Nioh 3 überzeugt mit tiefem Kampfsystem und halboffener Spielwelt
Hans-Werner HövelNioh 3 überzeugt mit tiefem Kampfsystem und halboffener Spielwelt
Nioh 3 ist da – der neueste Teil der anspruchsvollen Action-Serie von Team Ninja
Nioh 3 hat als jüngster Ableger der herausfordernden Action-Reihe von Team Ninja die Bühne betreten. Kritiker feiern das Spiel als herausragenden Titel für langjährige Fans, der gleichzeitig auch Neulinge begeistert. Mit einer Metacritic-Wertung von 86 zählt das Spiel zu den besten Vertretern seines Genres.
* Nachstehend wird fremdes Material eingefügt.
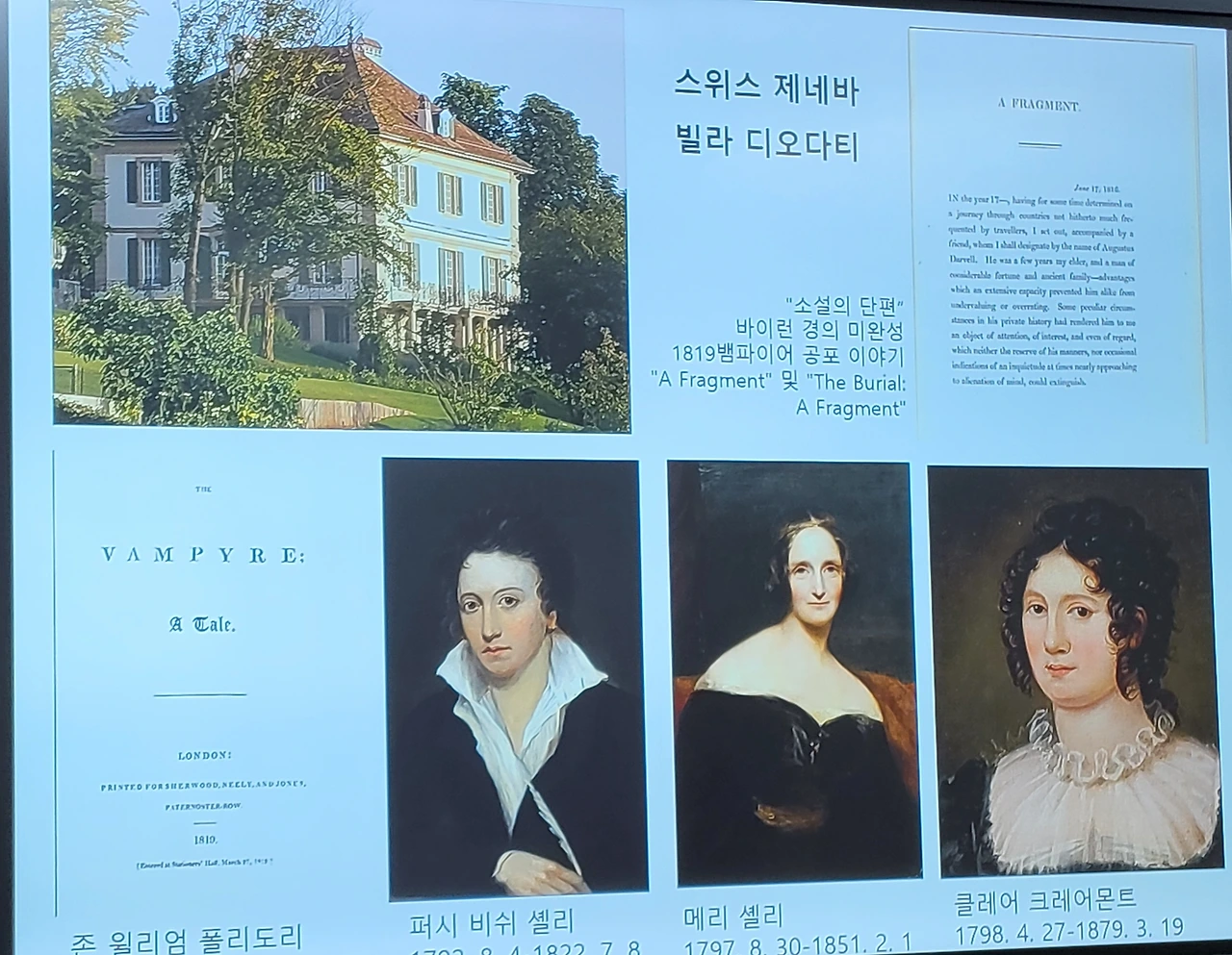 1816년 조지 고든 바이런 경은 영국의 3대 낭만파 시인이다. 잘 생기고 많은 스캔들을 몰고 다닌 인물이다. 별장인 스위스 레만호 호수의 저택에서 그의 주치의 존 윌리엄 폴리도리, 또 다른 낭만파 시인 퍼시 비쉬 셀리, 그의 아내 메리 셸리, 동생 클레어 클레어 몬트가 그곳에서 함께 지내게 되었다
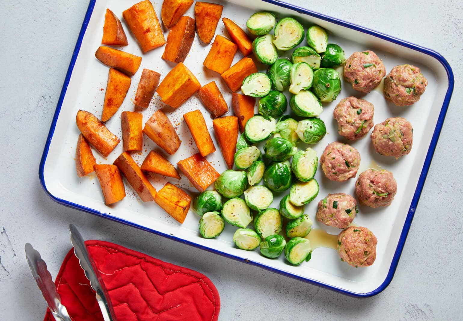 Roast in the bottom third of the oven for 10 minutes, then move sheet pan to the top third of the oven and cook until sweet potatoes and Brussels sprouts are tender and golden brown, and meatballs are cooked through, about 10 minutes more.
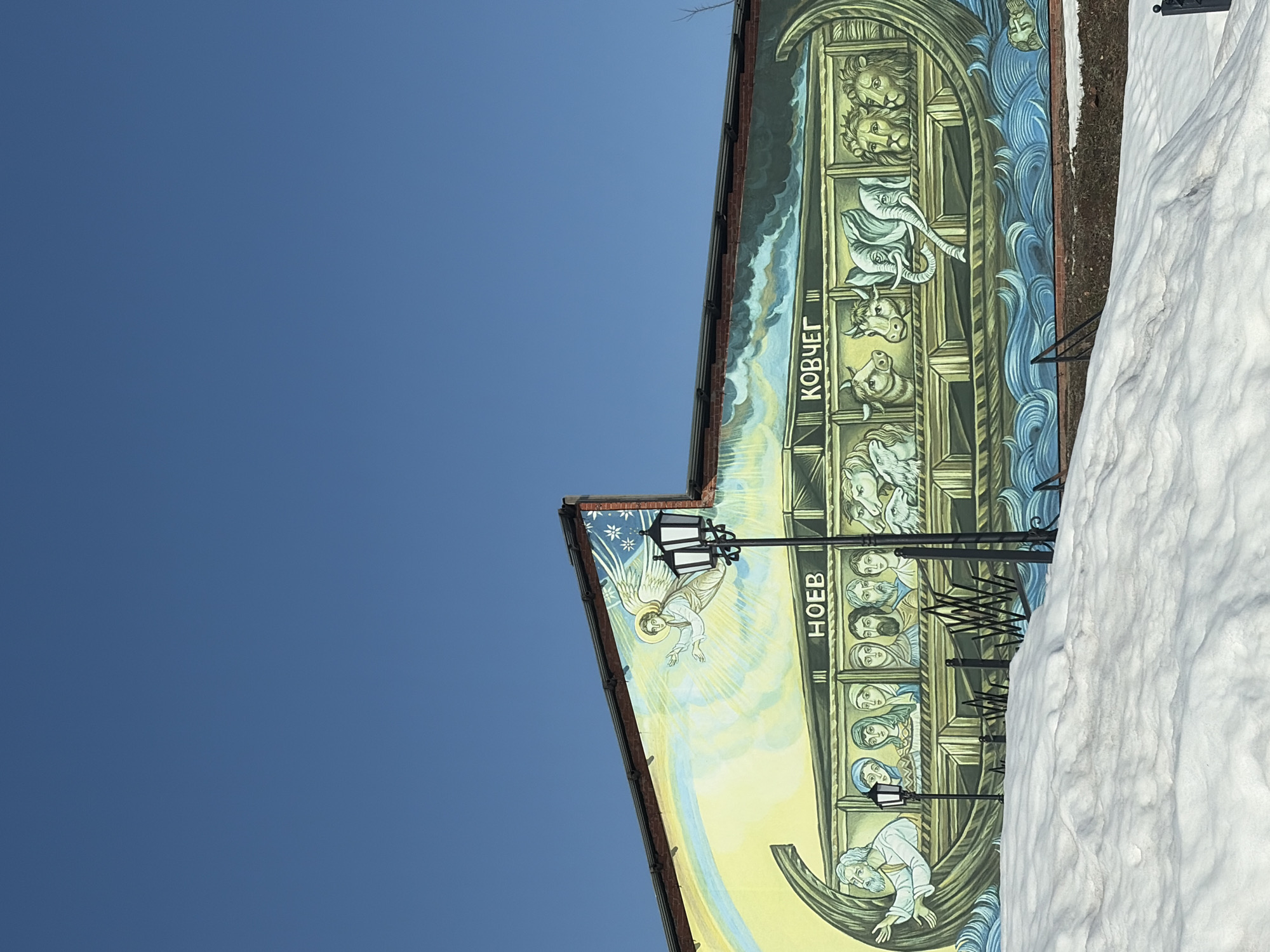 A low-angle, outdoor shot captures a large mural on the side of a building under a clear blue sky, located in Кварса, Russia. The mural depicts a stylized Noah's Ark, with "НОЕВ" (Noah) visible on the left section of the ark and "КОВЧЕГ" (Ark) on the right section. The ark is shown floating on blue, wavy water. Human figures, including a bearded man (Noah) with outstretched arms, occupy the left compartments of the ark, while pairs of animals—including sheep, cows, elephants, and lions—are visible in compartments on the right. Above the ark, on the left, an angel with a halo and wings is depicted amidst a yellow-blue glow and a rainbow arc. The upper right portion of the mural features dark clouds and snowflakes. The building wall below the roofline is visible as a dark brick section. In the foreground, a substantial uneven mound of white snow covers the ground, obscuring the base of the mural. A black ornamental lamppost with a dual lantern is prominently positioned in the mid-ground, partially obscuring the mural. A second, smaller lamppost is visible further left. Black metal fencing or railings are present behind the snow mound. The sky is uniformly clear and bright blue.
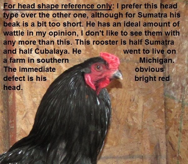 When some were going on about hen #2 in the picture needing a shorter beak and bigger head, I stopped and thought she would look more like a cornish than a sumatra. That's my opinion, but I admit when one says a big head and short beak I always think of a cornish. When I think of big heads, I tend to think of cornish, shamoos, brahams and those types of birds with a big head but not a sumatra. So I would like to know where NYRED and any others who have the opinion that a big head (I'm not talking broad, as I feel they should have a broad head) is needed on a sumatra to explain why. I will not tell you that your opinions are wrong, but I am wondering if I have missed somethings or maybe its a case of I took the use of big to mean the whole head size when it was meant more in the way of width/ broadness of the head.
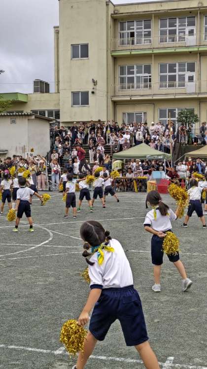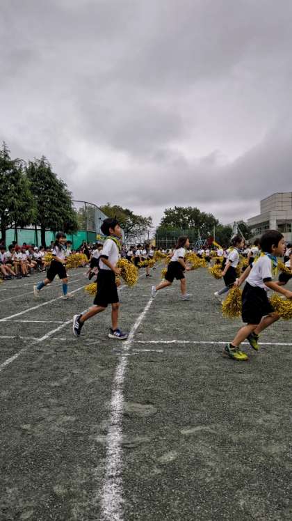 【1年生表現】「青と夏・ぼくらの八王子」です。小学校初めての運動会です。元気よく入場します。
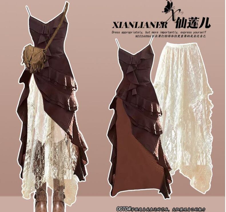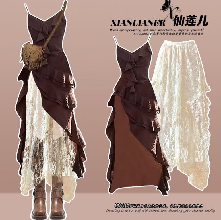 摩耗スリットレトロサスペンダードレスとレースのスカートツーピーススーツ434
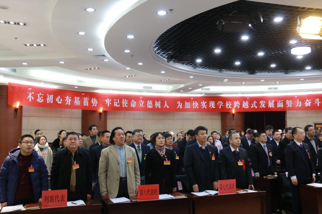 大会的主题是:以习近平新时代中国特色社会主义思想为指导,全面贯彻落实党的十九大、全国全区高校思想政治工作会议、全国教育大会精神,不忘初心夯基蓄势,牢记使命立德树人,推进全面从严治党,加强内涵建设,为加快实现学校跨越式发展而努力奋斗!

Das Spiel baut auf seinen Vorgängern auf und bietet ein noch tieferes und lohnenderes Kampfsystem. Spieler können nun zwischen zwei unterschiedlichen Spielstilen wählen – Samurai und Ninja –, die jeweils einzigartige Ausrüstung und Bewegungsmöglichkeiten bieten. Besonders gelobt werden die Gegner- und Bosdesigns, die von einigen Rezensenten als "Höhepunkt des Genres" bezeichnet werden.
Die Erkundung steht im Mittelpunkt der halboffenen Spielwelt von Nioh 3. Die Umgebung ist in große, vernetzte Zonen namens "offene Felder" unterteilt, die Spieler zum Suchen nach Beute und versteckten Herausforderungen anregen. Eine riesige Auswahl an Waffen, Rüstungen und mehrschichtigen Fortschrittssystemen sorgt für langfristigen Spielspaß.
Verbesserungen bei der Benutzerfreundlichkeit, wie die automatische Inventar-Sortierung, runden das Erlebnis ab. Die Handlung hingegen wird kaum beachtet – die meisten Kritiker stufen sie als vergessliche Füllmasse ein. Der Basispreis des Spiels liegt bei 80 Euro.
Nioh 3 festigt seinen Ruf mit verfeinertem Kampf, kreativem Gegnendesign und erweiterter Anpassbarkeit. Die halboffene Struktur und die optimierten Features machen das Spiel zugänglicher, ohne dabei an Tiefe einzubüßen. Die hohe Metacritic-Bewertung spiegelt sowohl den Kritikerzuspruch als auch seinen Platz unter den besten Titeln des Genres wider.